** Available data follows **
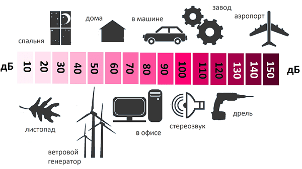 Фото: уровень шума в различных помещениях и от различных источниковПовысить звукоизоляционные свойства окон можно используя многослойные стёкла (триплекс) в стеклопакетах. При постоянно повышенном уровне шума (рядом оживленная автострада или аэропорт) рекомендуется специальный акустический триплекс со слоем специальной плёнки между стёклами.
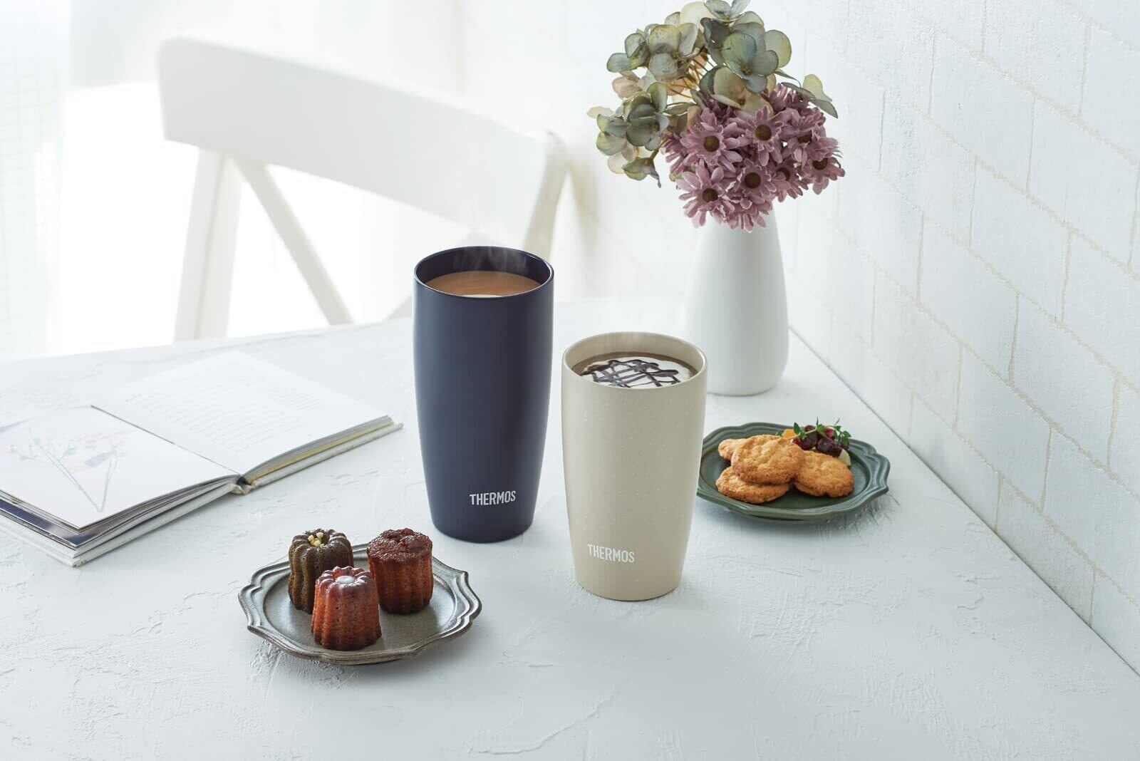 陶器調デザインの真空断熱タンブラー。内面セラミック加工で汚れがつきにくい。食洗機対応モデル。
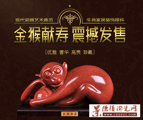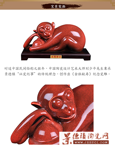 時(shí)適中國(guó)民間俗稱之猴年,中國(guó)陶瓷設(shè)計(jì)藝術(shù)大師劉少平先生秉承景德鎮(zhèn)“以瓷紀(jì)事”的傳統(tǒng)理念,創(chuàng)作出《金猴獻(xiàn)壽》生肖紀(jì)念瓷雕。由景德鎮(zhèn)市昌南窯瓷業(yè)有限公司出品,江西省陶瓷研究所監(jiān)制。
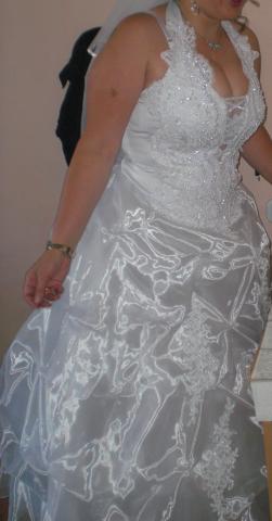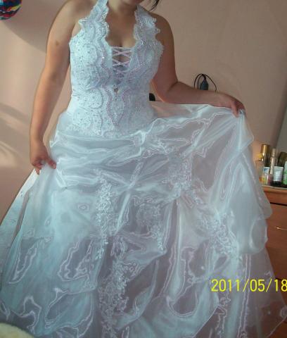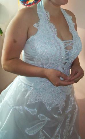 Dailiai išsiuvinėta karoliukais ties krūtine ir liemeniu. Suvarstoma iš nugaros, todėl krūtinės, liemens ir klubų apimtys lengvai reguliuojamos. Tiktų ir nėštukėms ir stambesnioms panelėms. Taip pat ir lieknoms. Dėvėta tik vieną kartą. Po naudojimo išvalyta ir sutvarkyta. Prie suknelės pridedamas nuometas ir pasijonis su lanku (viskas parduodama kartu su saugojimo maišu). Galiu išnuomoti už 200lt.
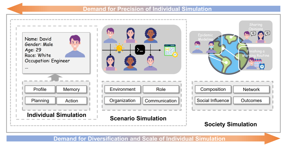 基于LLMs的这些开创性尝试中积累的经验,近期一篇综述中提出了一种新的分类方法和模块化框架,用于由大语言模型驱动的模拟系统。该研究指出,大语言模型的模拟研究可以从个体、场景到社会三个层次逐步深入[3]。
** End of Available data **
** Available data follows **
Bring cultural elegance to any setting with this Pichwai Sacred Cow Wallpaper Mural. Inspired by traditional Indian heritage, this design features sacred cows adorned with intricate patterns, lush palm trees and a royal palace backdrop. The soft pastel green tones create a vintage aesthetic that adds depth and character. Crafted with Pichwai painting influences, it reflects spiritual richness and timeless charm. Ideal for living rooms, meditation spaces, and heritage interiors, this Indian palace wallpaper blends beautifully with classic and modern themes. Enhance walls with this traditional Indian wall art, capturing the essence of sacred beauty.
** End of Available data **
- Required action
In the listing above, find the line containing "Фото: уровень шума" and the line containing "時(shí)適中國(guó)", then write out both of them and every line between, exactly, with no pictures.

- Response box
 Фото: уровень шума в различных помещениях и от различных источниковПовысить звукоизоляционные свойства окон можно используя многослойные стёкла (триплекс) в стеклопакетах. При постоянно повышенном уровне шума (рядом оживленная автострада или аэропорт) рекомендуется специальный акустический триплекс со слоем специальной плёнки между стёклами.
 陶器調デザインの真空断熱タンブラー。内面セラミック加工で汚れがつきにくい。食洗機対応モデル。
 時(shí)適中國(guó)民間俗稱之猴年,中國(guó)陶瓷設(shè)計(jì)藝術(shù)大師劉少平先生秉承景德鎮(zhèn)“以瓷紀(jì)事”的傳統(tǒng)理念,創(chuàng)作出《金猴獻(xiàn)壽》生肖紀(jì)念瓷雕。由景德鎮(zhèn)市昌南窯瓷業(yè)有限公司出品,江西省陶瓷研究所監(jiān)制。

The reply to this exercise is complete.